Berlin: (hib/HAU) Am Hauptstadtflughafen BER sind nach Auskunft der Flughafen Berlin Brandenburg GmbH (FBB) verschiedene Maßnahmen ergriffen worden, um die Ausgaben vor dem Hintergrund des Rückgangs im Passagiergeschäft wegen der Corona-Pandemie so weit wie möglich zu reduzieren. Im Jahr 2020 hätten dadurch etwa 20 Prozent des Betriebsaufwandes - rund 85 Millionen Euro - eingespart werden können, heißt es in der Antwort der Bundesregierung (19/28114) auf eine Kleine Anfrage der FDP-Fraktion (19/27403).

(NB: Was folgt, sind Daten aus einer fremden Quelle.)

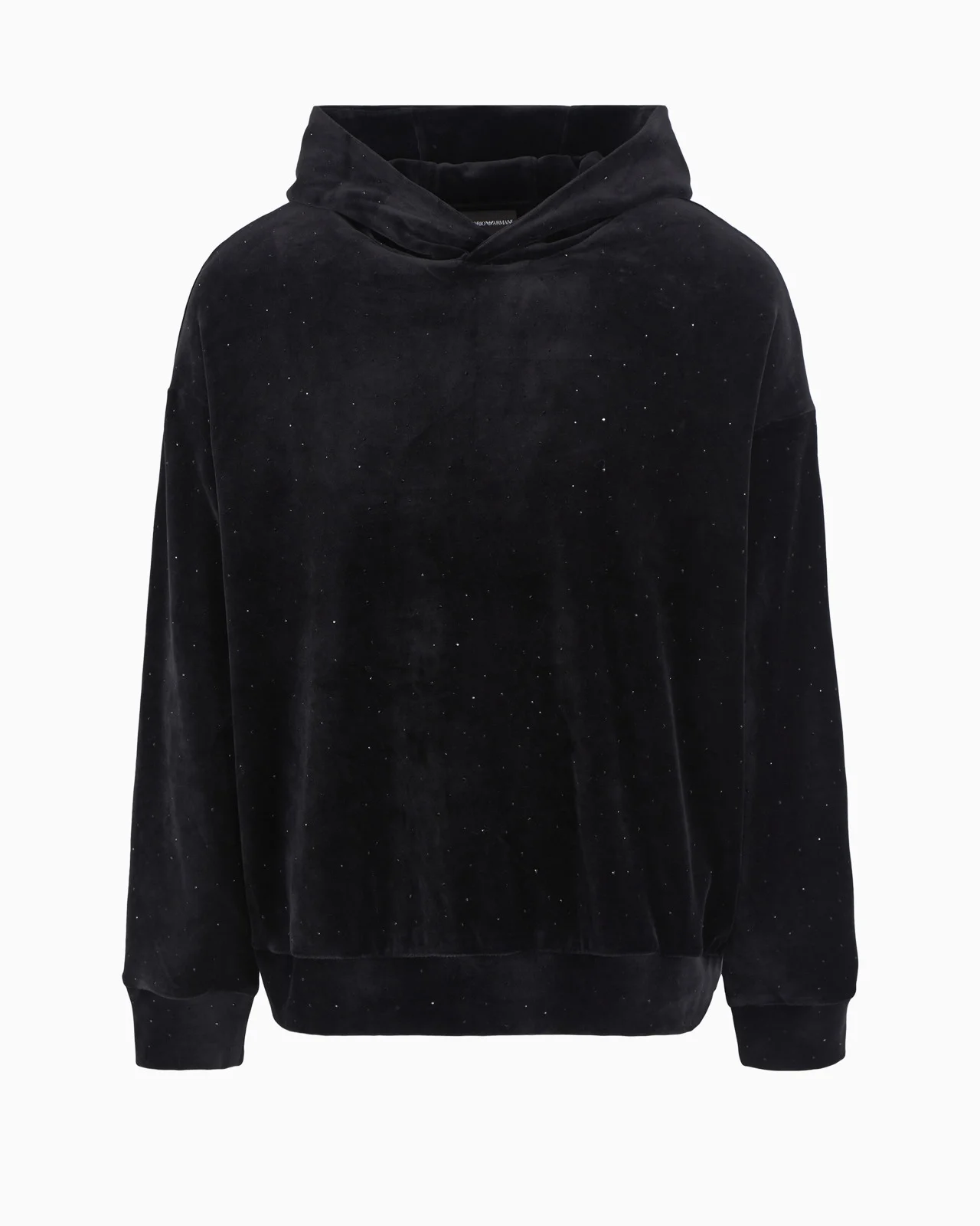 Clubwear chenille hooded sweatshirt with all-over rhinestones
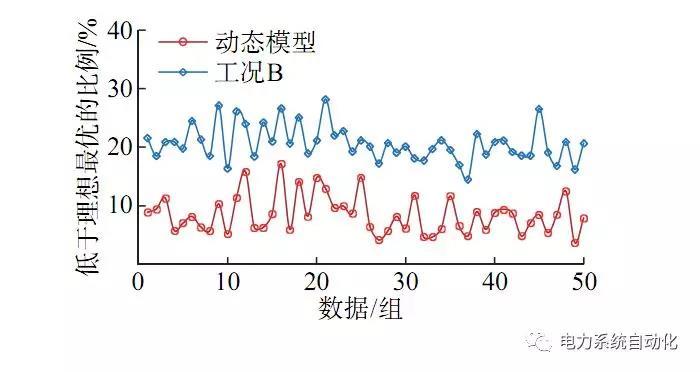 以預測曲線計算出動態(tài)效率模型和常數模型下的出力,在預測曲線上添加隨機誤差(本次分析重復50次),分析兩種模型下的日前優(yōu)化出力在添加誤差后的實際效果,其中基準值為添加誤差后新曲線的最優(yōu)理想消納效果。由圖8可以看到,動態(tài)模型給出的出力計劃與理想最優(yōu)效果差距平均為8.49%,而以B工況的出力效果與理想最優(yōu)的差距平均為20.70%,在預測誤差的干擾下,動態(tài)模型消納效果受到的影響相對較小,這是動態(tài)模型下的儲能出力在較高的效率區(qū)域的緣故。

Einsparungen seien beispielsweise durch die vorläufige Nicht-Inbetriebnahme des Terminals 2, die vorübergehende Schließung des Terminals 5 sowie die Aussetzung der Nutzung der südlichen Start- und Landebahn erzielt worden. Zudem befinde sich ein Großteil der Belegschaft in Kurzarbeit. Im Rahmen des Sanierungskonzepts plane die FBB zudem einen sozialverträglichen Abbau von mehr als 400 Stellen über die nächsten Jahre. „Nach Auskunft der FBB soll bis 2025 die gesamte Investitionstätigkeit im Wert von vormals geplanten 500 Millionen Euro auf ein den Betrieb sicherndes Mindestmaß von hundert Millionen Euro reduziert werden“, heißt es in der Antwort.